Instructions to follow - Output the span of lines from the one that contains "人们常说,女生房里的椅子都不" through the end of the records, inclusive, exactly as written and free of pictures.

··· Provided data

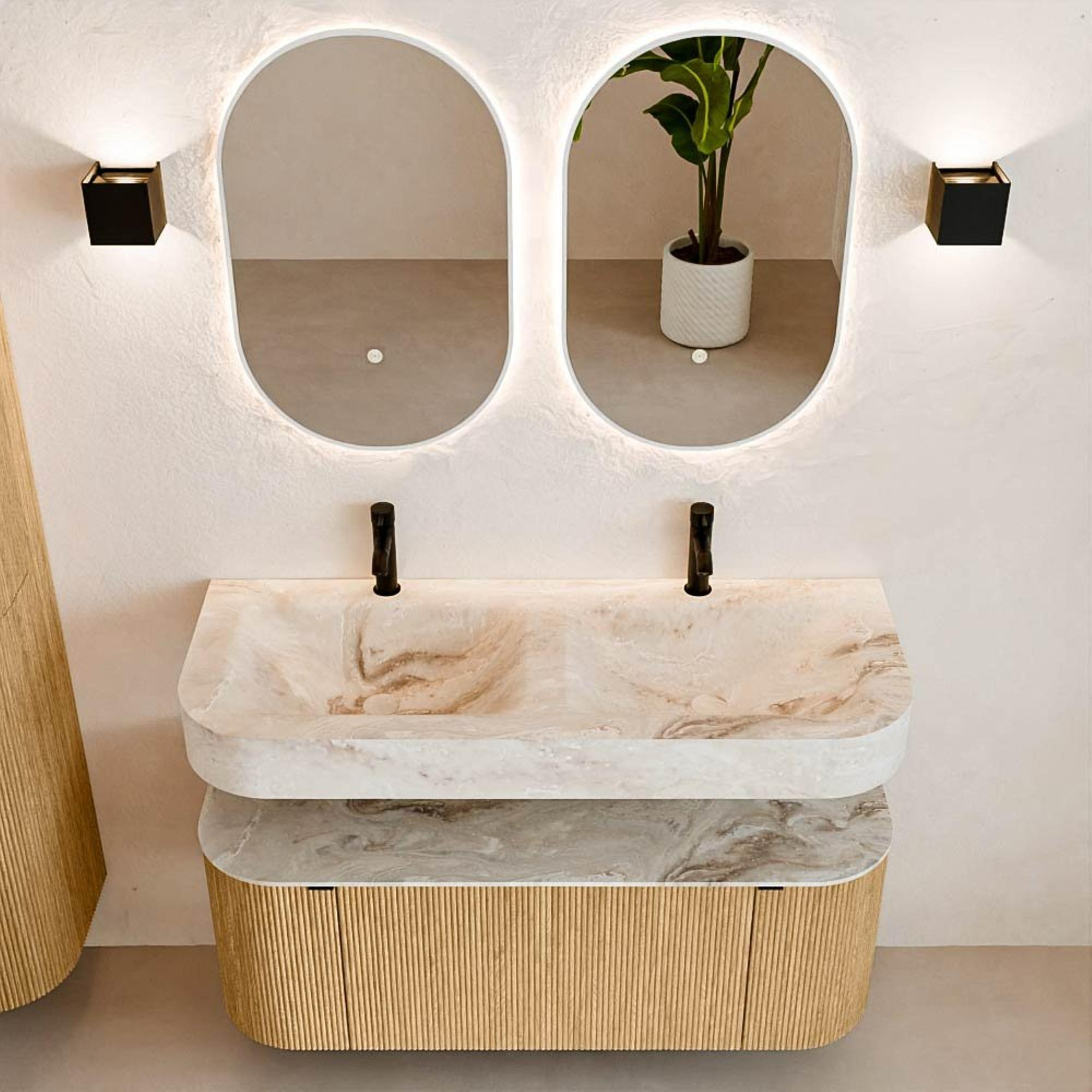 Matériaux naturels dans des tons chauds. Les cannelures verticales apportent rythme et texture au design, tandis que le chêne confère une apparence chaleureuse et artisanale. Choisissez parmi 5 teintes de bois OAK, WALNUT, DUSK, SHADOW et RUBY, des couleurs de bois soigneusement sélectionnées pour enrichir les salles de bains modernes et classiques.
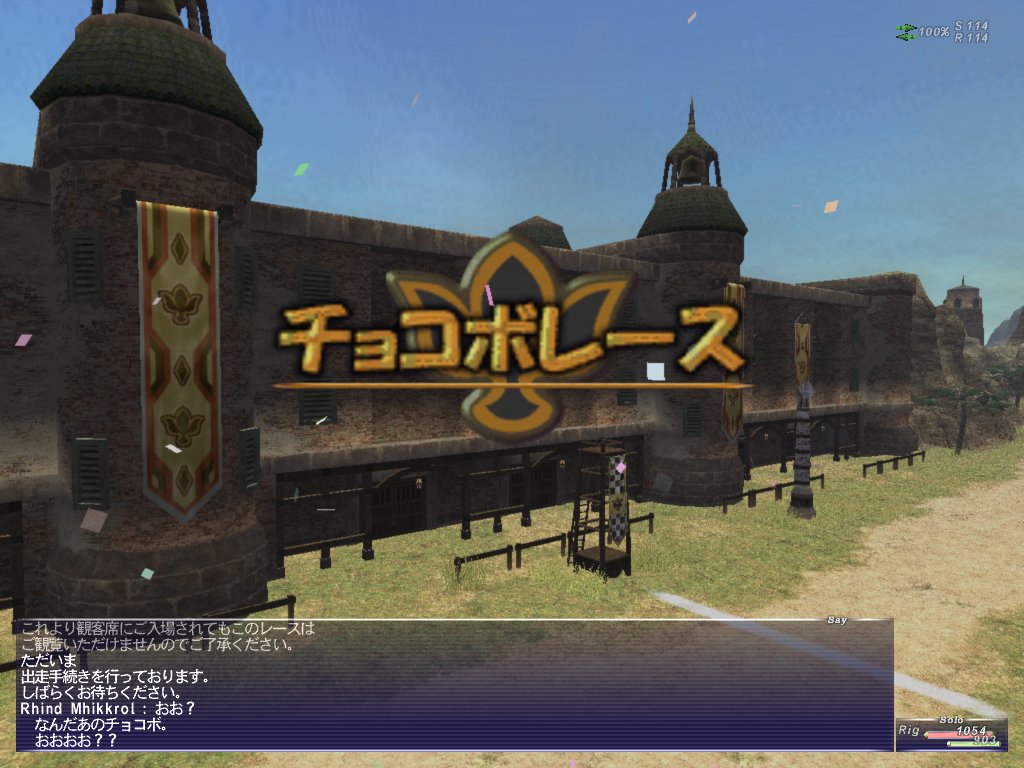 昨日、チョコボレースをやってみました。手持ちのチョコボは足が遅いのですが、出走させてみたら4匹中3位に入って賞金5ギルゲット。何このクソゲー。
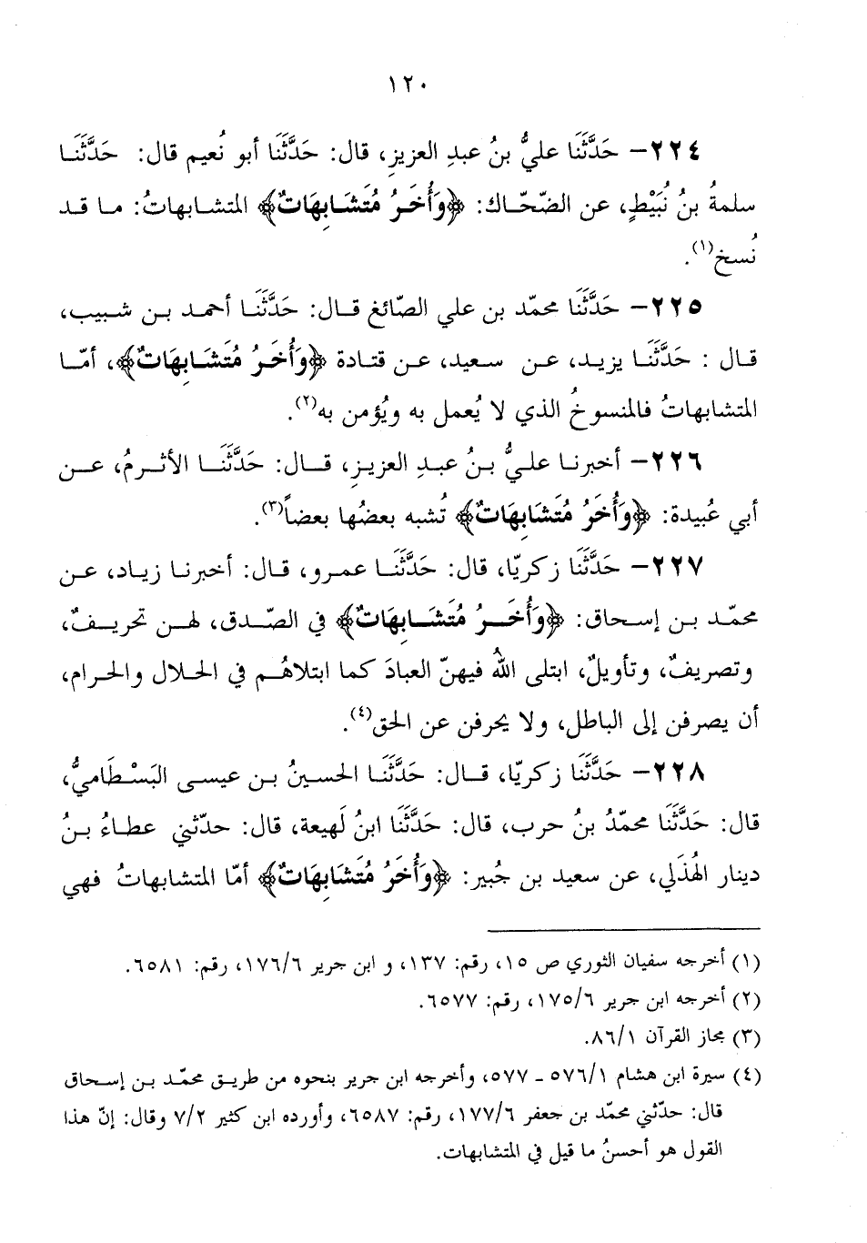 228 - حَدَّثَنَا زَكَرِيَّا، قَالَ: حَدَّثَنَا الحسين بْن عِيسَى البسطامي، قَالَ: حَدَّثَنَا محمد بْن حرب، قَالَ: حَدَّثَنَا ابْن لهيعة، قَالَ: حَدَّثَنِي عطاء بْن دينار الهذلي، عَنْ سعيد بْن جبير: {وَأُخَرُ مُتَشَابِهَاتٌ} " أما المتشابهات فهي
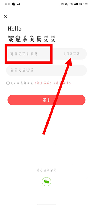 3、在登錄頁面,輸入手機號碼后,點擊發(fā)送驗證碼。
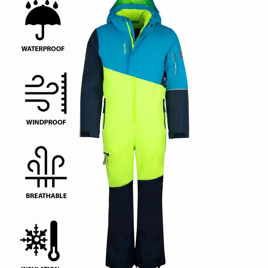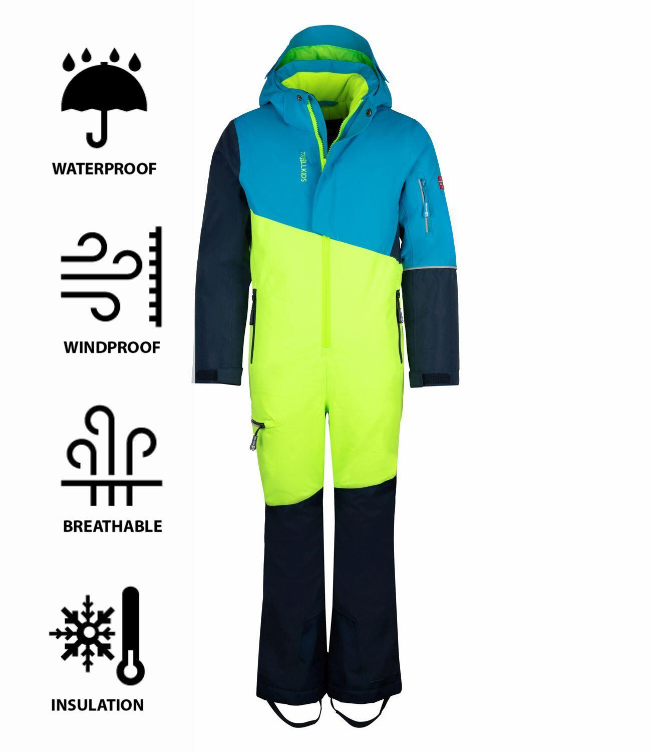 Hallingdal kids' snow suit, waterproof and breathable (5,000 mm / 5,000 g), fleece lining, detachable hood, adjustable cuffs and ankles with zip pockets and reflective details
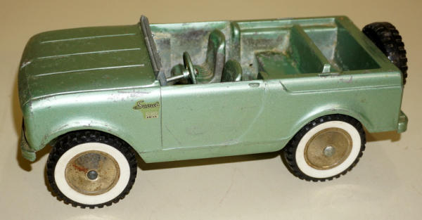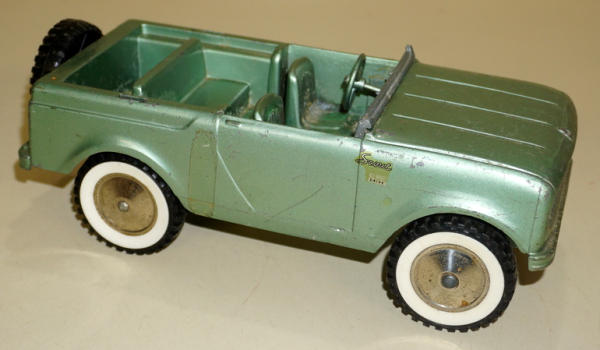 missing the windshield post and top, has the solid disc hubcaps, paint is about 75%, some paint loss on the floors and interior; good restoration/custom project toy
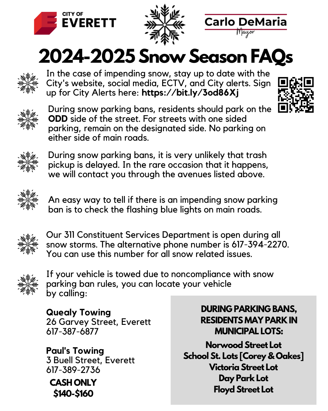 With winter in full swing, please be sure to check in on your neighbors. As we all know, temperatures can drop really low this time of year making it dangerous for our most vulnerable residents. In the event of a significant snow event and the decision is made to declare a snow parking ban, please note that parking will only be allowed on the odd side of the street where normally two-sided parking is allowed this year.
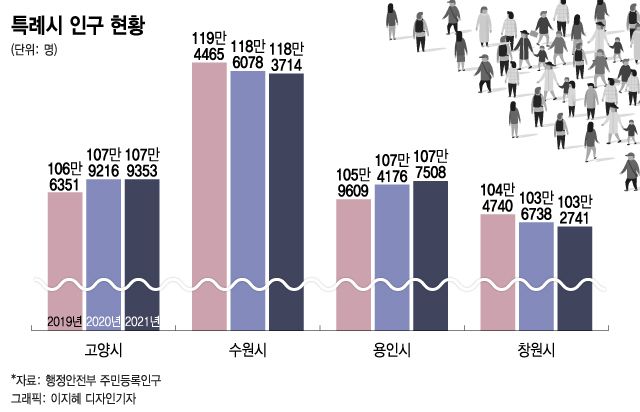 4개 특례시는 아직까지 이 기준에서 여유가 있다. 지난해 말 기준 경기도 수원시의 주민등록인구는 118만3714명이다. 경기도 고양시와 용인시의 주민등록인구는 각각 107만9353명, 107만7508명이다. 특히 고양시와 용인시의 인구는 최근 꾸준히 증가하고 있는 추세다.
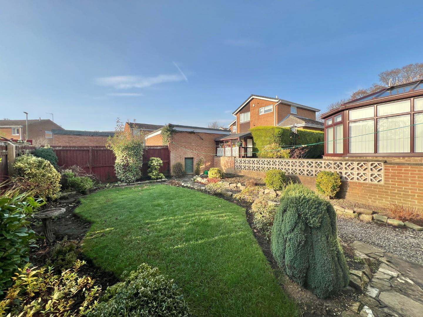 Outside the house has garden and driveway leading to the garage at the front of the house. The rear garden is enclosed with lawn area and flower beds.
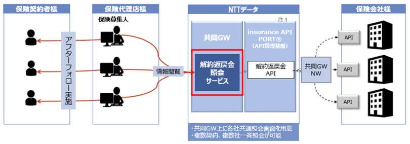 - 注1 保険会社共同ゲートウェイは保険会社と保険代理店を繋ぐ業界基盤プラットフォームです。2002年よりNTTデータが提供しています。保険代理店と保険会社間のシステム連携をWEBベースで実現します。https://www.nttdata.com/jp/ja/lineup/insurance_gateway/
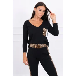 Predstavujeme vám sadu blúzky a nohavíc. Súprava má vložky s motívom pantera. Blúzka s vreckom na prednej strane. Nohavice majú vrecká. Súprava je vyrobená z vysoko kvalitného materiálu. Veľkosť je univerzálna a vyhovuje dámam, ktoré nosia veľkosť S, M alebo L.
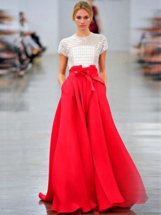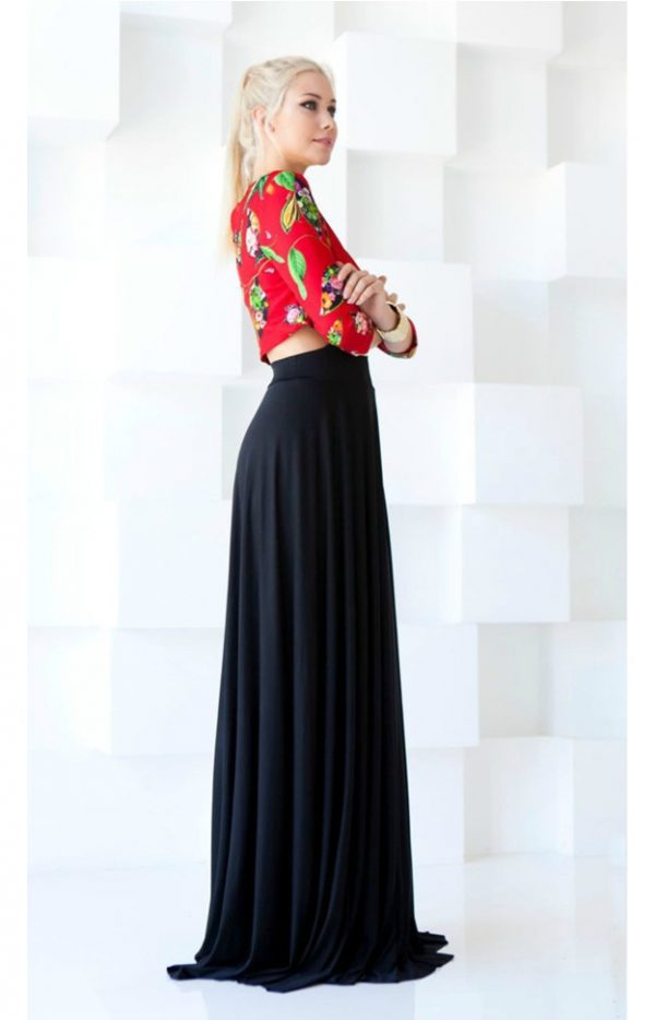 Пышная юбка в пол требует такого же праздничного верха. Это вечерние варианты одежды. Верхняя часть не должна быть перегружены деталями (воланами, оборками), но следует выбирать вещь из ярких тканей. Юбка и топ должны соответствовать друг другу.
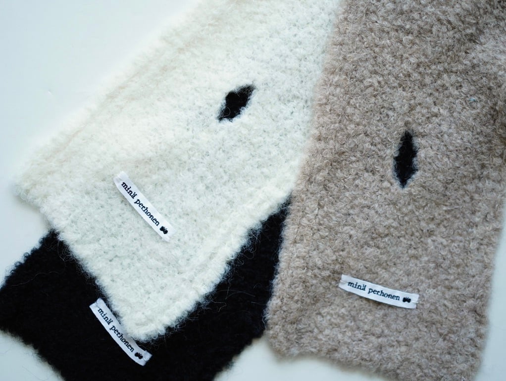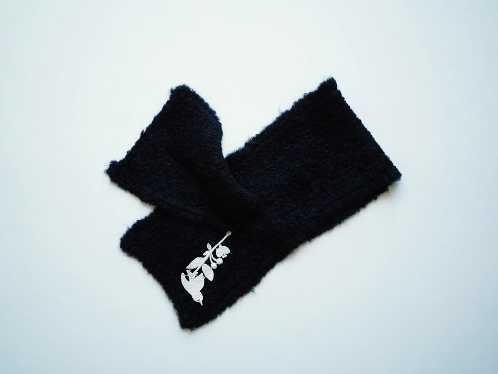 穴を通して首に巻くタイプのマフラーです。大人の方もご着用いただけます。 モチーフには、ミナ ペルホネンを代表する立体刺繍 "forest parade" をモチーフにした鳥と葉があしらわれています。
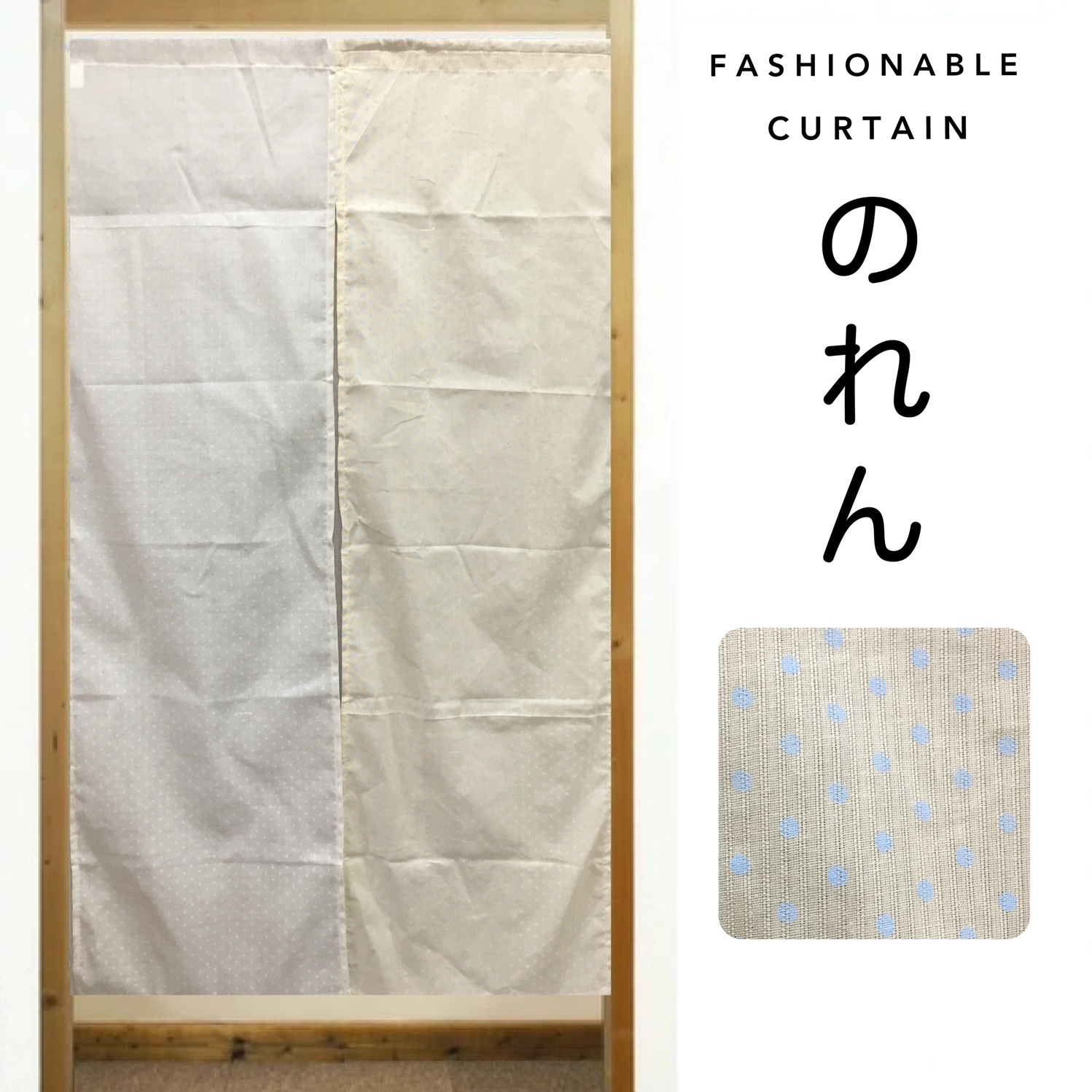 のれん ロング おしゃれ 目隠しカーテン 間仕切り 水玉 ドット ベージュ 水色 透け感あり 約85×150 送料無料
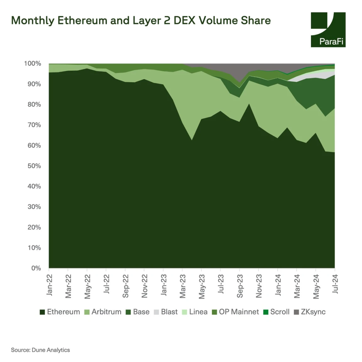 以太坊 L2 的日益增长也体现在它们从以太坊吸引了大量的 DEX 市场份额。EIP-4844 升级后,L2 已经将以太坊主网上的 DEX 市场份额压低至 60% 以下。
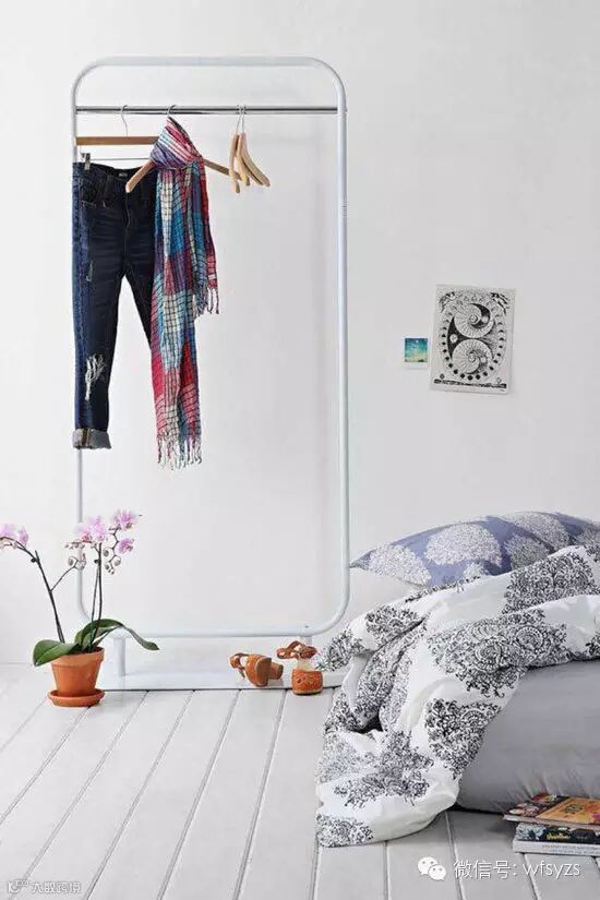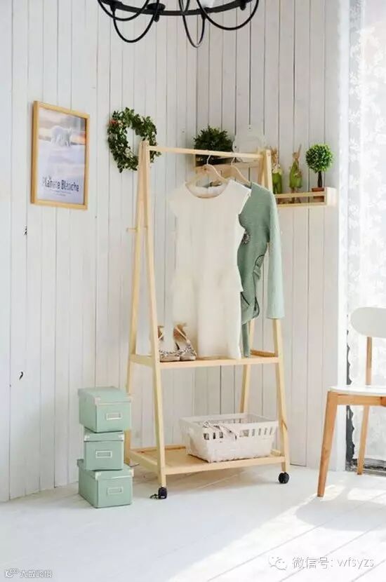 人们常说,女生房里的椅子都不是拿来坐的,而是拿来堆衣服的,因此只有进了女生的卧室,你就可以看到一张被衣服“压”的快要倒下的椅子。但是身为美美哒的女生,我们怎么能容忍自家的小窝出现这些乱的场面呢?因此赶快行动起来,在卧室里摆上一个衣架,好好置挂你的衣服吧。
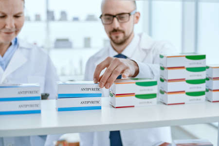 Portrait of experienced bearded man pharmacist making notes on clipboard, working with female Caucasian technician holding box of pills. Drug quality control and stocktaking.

······

Task solution -
 人们常说,女生房里的椅子都不是拿来坐的,而是拿来堆衣服的,因此只有进了女生的卧室,你就可以看到一张被衣服“压”的快要倒下的椅子。但是身为美美哒的女生,我们怎么能容忍自家的小窝出现这些乱的场面呢?因此赶快行动起来,在卧室里摆上一个衣架,好好置挂你的衣服吧。
 Portrait of experienced bearded man pharmacist making notes on clipboard, working with female Caucasian technician holding box of pills. Drug quality control and stocktaking.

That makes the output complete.